Senate Intelligence Committee Chairman John “Jay” Rockefeller (WV), Senate Intelligence Committee Vice-Chair Kit Bond (MO), House Majority Leader Steny Hoyer (MD), and House Minority Whip Roy Blunt (MO) announced today that a bipartisan compromise has been agreed to that will modernize the Foreign Intelligence Surveillance Act.

“This bipartisan bill balances the needs of our intelligence community with Americans’ civil liberties, and provides critical new oversight and accountability requirements,” said Hoyer. “It is the result of compromise, and like any compromise is not perfect, but I believe it strikes a sound balance. Furthermore, we have ensured that Congress can revisit these issues because the legislation will sunset at the end of 2012.”

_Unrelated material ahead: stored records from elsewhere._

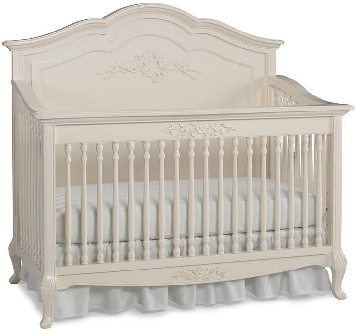 The full-panel crib is sweet and sophisticated with beautiful hand sculpted floral appliqués, graceful cabriole legs and generous curved moldings. This versatile crib transitions easily with each stage of growth; from crib to toddler and day bed, and finally, a full-size bed. Optional guardrail for toddler bed and Bed Rail Conversion Kit available and sold separately.
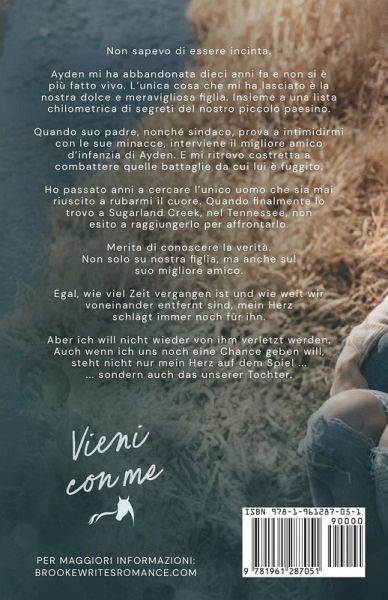 Un prequel dell'autrice di romanzi di piccoli borghi Brooke Montgomery in cui la storia d'amore dei due protagonisti riesce a sfidare il tempo, infatti si ritrovano dopo dieci anni e un segreto finalmente rivelato cambia tutto quanto... Non sapevo di essere incinta. Ayden mi ha abbandonata dieci anni fa e non si è più fatto vivo. L'unica cosa che mi ha lasciato è la nostra dolce e meravigliosa figlia. Insieme a una lista chilometrica di segreti del nostro piccolo paesino. Quando suo padre, nonché sindaco, prova a intimidirmi con le sue minacce, interviene il migliore amico d'infanzia di Ayden. E mi ritrovo costretta a combattere quelle battaglie da cui lui è fuggito. Ho passato anni a cercare l'unico uomo che sia mai riuscito a rubarmi il cuore. Quando finalmente lo trovo a Sugarland Creek, nel Tennessee, non esito a raggiungerlo per affrontarlo. Merita di conoscere la verità. Non solo su nostra figlia, ma anche sul suo migliore amico. Nonostante sia passato tantissimo tempo e tra di noi ci siano chilometri e chilometri di distanza, il mio cuore batte ancora per lui. Però non posso permettermi di soffrire di nuovo. Per quanto voglia dare un'altra chance al nostro amore, in gioco non c'è più soltanto il mio cuore... Ma anche quello di nostra figlia. Vieni con me è il prequel della serie Sugarland Creek. Se ti piacciono le storie con seconde chance, figli segreti e ambientate in piccoli borghi, allora ti innamorerai presto di Ayden, Laney e Serena! Ciascun libro della serie è autoconclusivo e termina con un lieto fine.
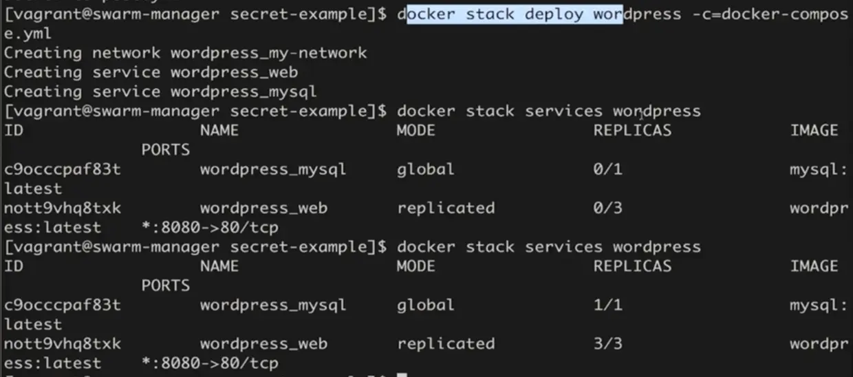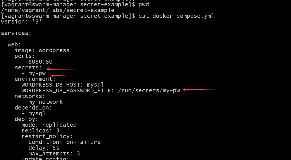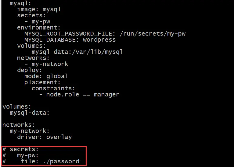 在这个docker-compose最下面有个有三行注释,如果放开的话这是引用了外部密码文件的形式创建docker secret,这种方式虽然省事了,但是有安全隐患,里面多了个passwd文件,最好的方式还是通过docker secret create的方式。
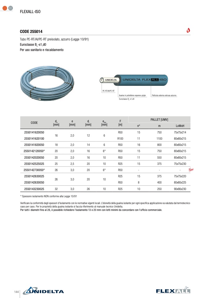 Verificare la conformità degli spessori d'isolamento con le normative vigenti locali. L’idoneità della guaina isolante per ogni specifica applicazione va valutata dal termotecnico
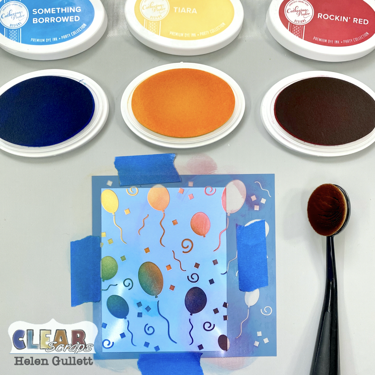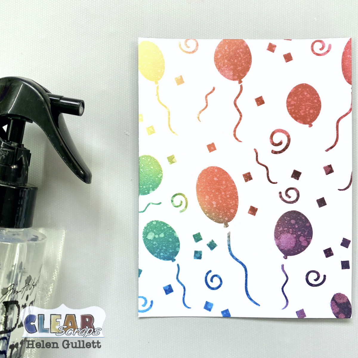 Hello everyone… Helen is here. I love creating background for my cards and using stencil is one of my favorite techniques. And today, I would like to share these two fun, rainbow birthday cards.
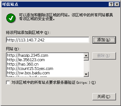 2. 打开“工具”-“Internet选项”,在安全选项卡下,选择受信任的站点,点击“站点”按钮,再点击添加。
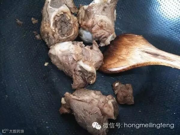 焯水沥干的棒骨,放入锅里干炒,加入适量盐、少许生抽和白醋,记得炒入味;
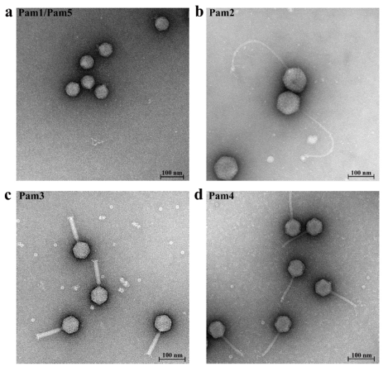 图一 巢湖分离的五株淡水噬藻体Pam1~Pam5形态图
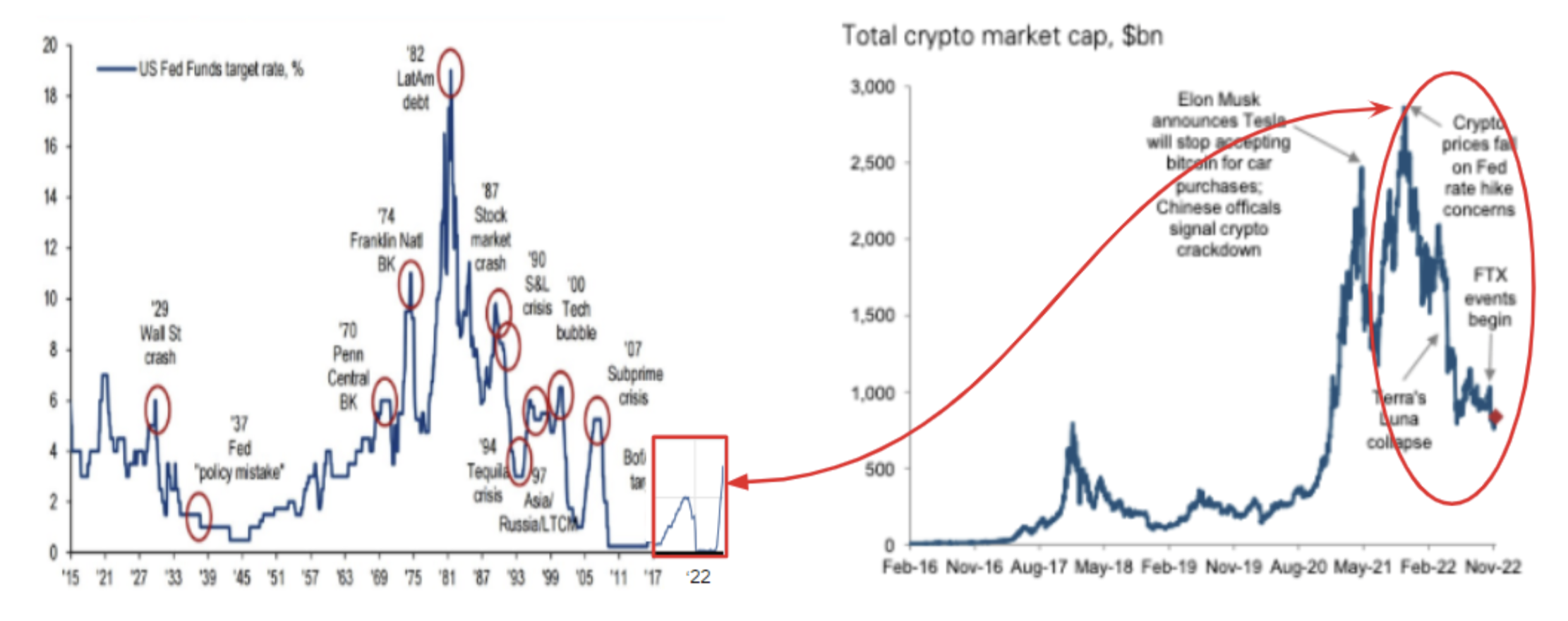 Historically, when the US Federal Reserve (Fed) begins tightening, it exposes asset classes where excessive leverage has built up. In 2000 it exposed technology companies (the Tech bubble), in 2007 it exposed subprime lending (mortgage-backed securities), and in this cycle it exposed crypto. Comparing the timeline of current Fed hikes with the total crypto market cap shows the decline in line with increased interest rates. This is to say that monetary policy plays a crucial role in sector performance.
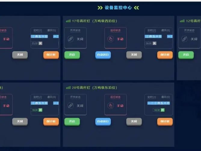 為深入貫徹國家“雙碳”目標,射陽港區聚焦節能降耗、高效運行為抓手,利用4G遠程模塊聯動PC端或微信小程序,實現港區高桿燈照明系統的集中控制管理,根據生產需求合理開關作業區域高功率燈具,既降低了人工煩瑣操作,又有效降低電力消耗減少能源浪費,延長燈具的使用壽命。據了解,港區20桿高桿燈,每日開啟平均約8桿高桿燈,每年可節約電量103680KWh,節約電費8萬余元,經濟效益顯著。
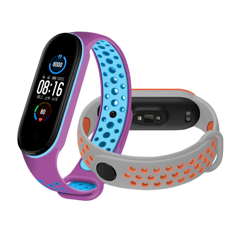 Силиконовый ремешок для Xiaomi Mi Band 5 4 3 6 пористый двухцветный...
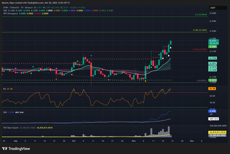 Notably, STRK is on its third daily TBO breakout, driven by record volume and social media attention. A reasonable target lies at the 0.618 Fib level near 0.75, with further gains toward the 1.0 level at 2.67 possible but warranting partial profit-taking under current market conditions.
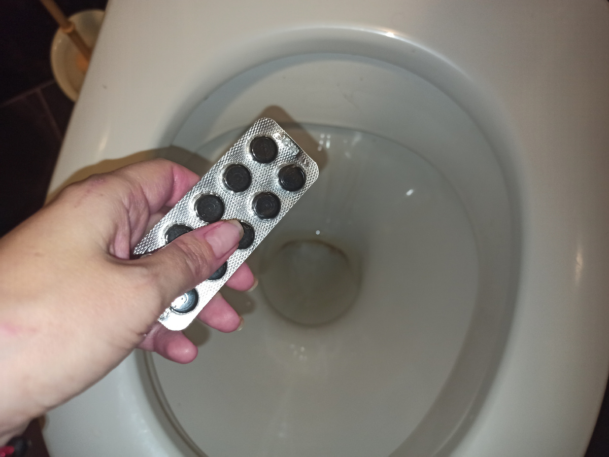 - Разместите три таблетки аспирина в сливном отверстии.
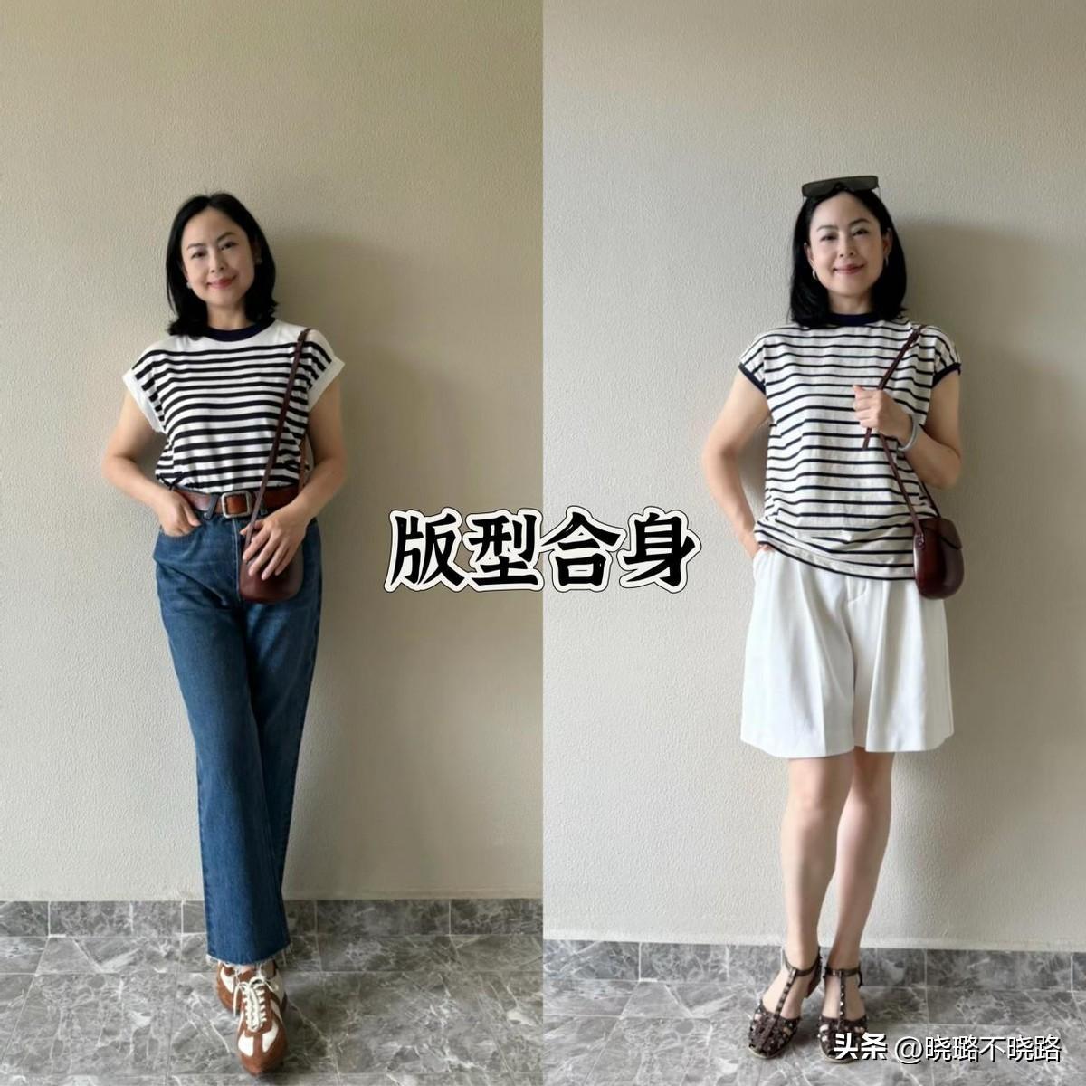 其次,我們還要考慮到版型上的裁剪,女人上了年紀之後,身材就不再像年輕時那樣苗條纖細,所以條紋衫的版型不能太緊身,帶點微寬鬆的設計,更具備遮肉的功效。
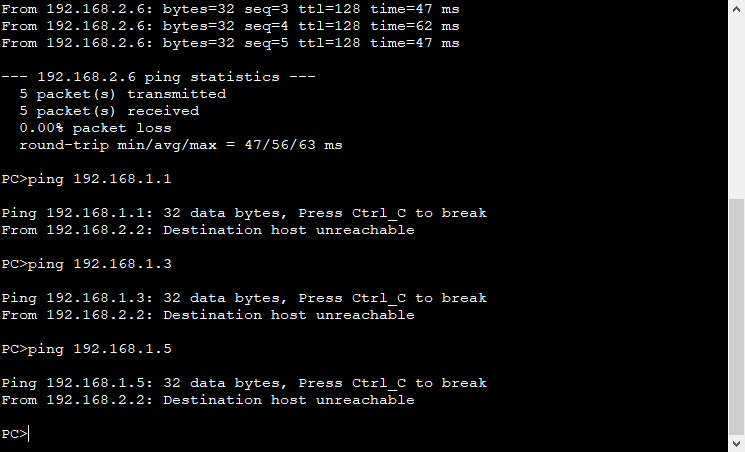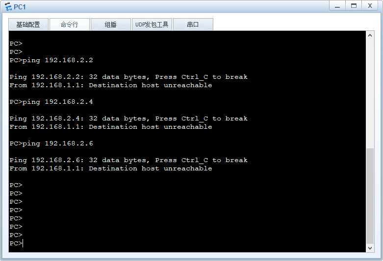 通过PING命令对PC1,PC3,PC5进行连通测试

The Electronic Frontier Foundation has a copy of the new legislation here.

Read on for the complete text of the Congressional statement.

WASHINGTON – Senate Intelligence Committee Chairman John “Jay” Rockefeller (WV), Senate Intelligence Committee Vice-Chair Kit Bond (MO), House Majority Leader Steny Hoyer (MD), and House Minority Whip Roy Blunt (MO) announced today that a bipartisan compromise has been agreed to that will modernize the Foreign Intelligence Surveillance Act.

The FISA Amendments Act, H.R. 6304, will increase the nation’s security by strengthening the ability of the intelligence community to conduct lawful surveillance of terrorists, as well as protect constitutional rights by requiring warrants before the government can surveil any American.

“This bipartisan bill balances the needs of our intelligence community with Americans’ civil liberties, and provides critical new oversight and accountability requirements,” said Hoyer. “It is the result of compromise, and like any compromise is not perfect, but I believe it strikes a sound balance. Furthermore, we have ensured that Congress can revisit these issues because the legislation will sunset at the end of 2012.”

“For months, leaders of both parties in both the House and the Senate have been working to find middle ground on FISA. Both sides have had to compromise – coming up with a legislative proposal that we individually would have written much differently,” said Blunt. “Clearly, House Republicans have long believed that the Senate FISA bill was the best way forward – and do not believe that the courts should hold the ultimate decision over how and when terrorist communications are monitored overseas. During this process, we all worked from the very basic premise that we had to find a way to modernize FISA to ensure that our intelligence community has the tools it needs to continue monitoring foreign-based, terrorist communications, while maintaining the protections of individual liberties contained in the existing FISA law. I believe we have accomplished that in this bill.”

“At its core this historic, bipartisan agreement to modernize FISA is about providing an essential tool in the fight against terrorism. It meets our dual obligations to make our Nation safe and restore the privacy protections and civil liberties Americans require,” Rockefeller said. “After a long, hard process of give and take, this FISA bill will prevent any repeat of warrantless surveillance undertaken by the President and will hold our government accountable for its actions, past and future, through strengthened court review and congressional oversight.”

“Last year Congress passed the Protect America Act, which closed a dangerous intelligence gap that allowed terrorists to use technology to stay a step ahead of terror-fighters. Since the expiration of that bill, our intelligence community has been forced to operate under a temporary system that could impede their ability to track new terrorist threats,” said Bond. “Today we reached a bipartisan solution that will put the intelligence community back in business, protect American families from attack and protect our civil liberties.”